Instintivamente Maguire agarró a su agresor y su mano tropezó con la renta que los perros habían dejado al sudario. Metió los dedos por un desgarrón de la ropa y tiró de ella. Le tranquilizó oír cómo el lino se desgarraba por la costura y se liberó de aquel abrazo de oso. El sudario se puso a dar sacudidas con la boca abierta en un grito mudo.

Ronnie estaba sufriendo como nunca creyó volver a hacerlo desde que dejó de ser carne y huesos. Pero ahí estaba de nuevo el dolor, un dolor terrible.

Se alejó flotando de su mutilador, chillando lo que pudo, mientras Maguire se escapaba tambaleando por el césped con los ojos desorbitados. Estaba a punto de volverse loco; seguro que ya no servía para nada. Pero eso no era suficiente. Tenía que matar a ese bastardo; eso era lo que se había prometido y estaba determinado a cumplir su promesa.

El dolor no remitía, así que trató de ignorarlo, concentrándose en perseguir a Maguire por el jardín. Pero se sentía muy débil; estaba a punto de convertirse en un juguete en manos del viento, que le atravesaba el cuerpo y le helaba las entrañas. Tenía el aspecto de una destrozada bandera de guerra, tan desastrada que apenas si se podía reconocer, a punto de abandonar este mundo.

Salvo que, salvo que… Maguire.

Éste llegó a su casa y cerró la puerta de un portazo. La sábana se aplastó contra la ventana ondeando, grotesca, arañando el cristal con sus manos de lino y clamando venganza con su rostro desfigurado.

—Déjame entrar —decía—, entraré de todas formas.

Maguire cruzó vacilando la habitación y entró en el vestíbulo.

—Raquel…

¿Dónde estaba su mujer?

—¿Raquel…?

No estaba en la cocina. En el estudio se oía la voz de Tracy. Se asomó. La niña estaba sola, sentada en medio del suelo, con los cascos en los oídos, acompañando alguna canción que le gustaba.

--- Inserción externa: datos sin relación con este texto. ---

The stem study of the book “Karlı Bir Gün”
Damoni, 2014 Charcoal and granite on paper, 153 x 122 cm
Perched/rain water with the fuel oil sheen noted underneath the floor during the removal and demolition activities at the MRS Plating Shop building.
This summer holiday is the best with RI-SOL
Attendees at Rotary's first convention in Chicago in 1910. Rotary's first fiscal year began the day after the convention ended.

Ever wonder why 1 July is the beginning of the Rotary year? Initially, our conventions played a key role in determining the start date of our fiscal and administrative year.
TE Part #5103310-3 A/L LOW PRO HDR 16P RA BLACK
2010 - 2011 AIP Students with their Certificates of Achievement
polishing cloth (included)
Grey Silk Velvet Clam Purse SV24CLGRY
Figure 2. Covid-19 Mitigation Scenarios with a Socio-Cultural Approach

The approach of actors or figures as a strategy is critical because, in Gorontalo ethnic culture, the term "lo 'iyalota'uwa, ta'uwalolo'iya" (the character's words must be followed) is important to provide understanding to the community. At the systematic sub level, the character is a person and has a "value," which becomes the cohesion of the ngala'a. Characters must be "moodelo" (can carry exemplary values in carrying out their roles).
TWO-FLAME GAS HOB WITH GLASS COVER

—¿Mamá? —le dijo empleando la mímica.

—Arriba —contestó ella, sin quitarse los cascos.

Arriba. Mientras subía las escaleras oyó a los perros ladrar en el jardín. ¿Qué estaba haciendo? ¿Qué estaba haciendo ese cabrón?

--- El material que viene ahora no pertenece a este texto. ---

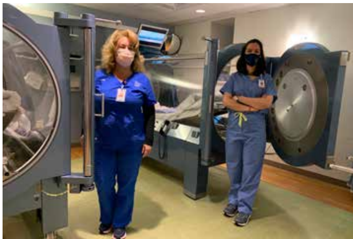
At Greenwich Hospital, hyperbaric medicine is often used to treat difficult-to-heal wounds that have not responded to traditional treatments and to COVID-19 patients during the pandemic.

Technology and video conference platforms proved valuable in continuity of patient care, especially during the pandemic. Patients and providers used MyChart video visits via Zoom video conference to conduct office visits virtually. Among other benefits, the move to Zoom allowed patients to grant access to adult children who don't live locally or otherwise can't join them for the appointment.
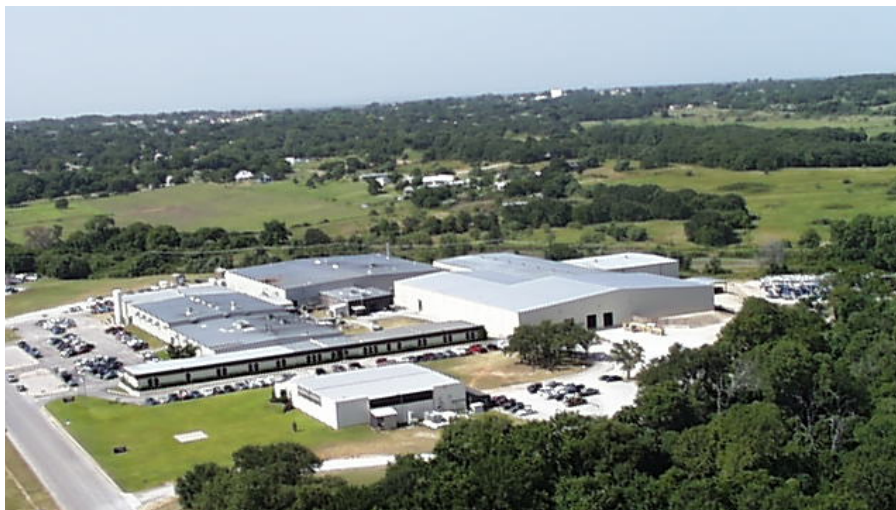
Weatherford, Texas facility just west of the Dallas / Fort Worth Metroplex

Jamak is a TS 16949, ISO 9001/2000, ISO 14001 Certified Company Call 1-800-395-2625 extension 2517 or 5218 Visit – www.jamak.com
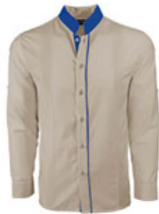
Couture Beige Clásico Mau Presidencial Guayabera NO POCKET STYLE
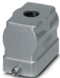
HEAVYCON B10 sleeve housing, for single locking latch, height: 56 mm, with 1 x M20 thread, straight cable outlet

Please be informed that the data shown in this PDF Document is generated from our Online Catalog. Please find the complete data in the user's documentation. Our General Terms of Use for Downloads are valid ( http://phoenixcontact.com/download )

—¿Raquel…? —Lo dijo en voz tan baja que casi no se oyó ni él mismo. Fue como si se hubiera convertido antes de tiempo en un fantasma en su propia casa.

No oyó ningún ruido en el rellano.

Entró dando traspiés en el cuarto de baño de baldosas marrones y encendió la luz. El efecto era adulador, y siempre le había gustado contemplarse bajo esa luz. Su brillo suave amortiguaba los estragos de la vejez. Pero esta vez se negó a engañarle. Su cara era la de un hombre viejo y aterrado.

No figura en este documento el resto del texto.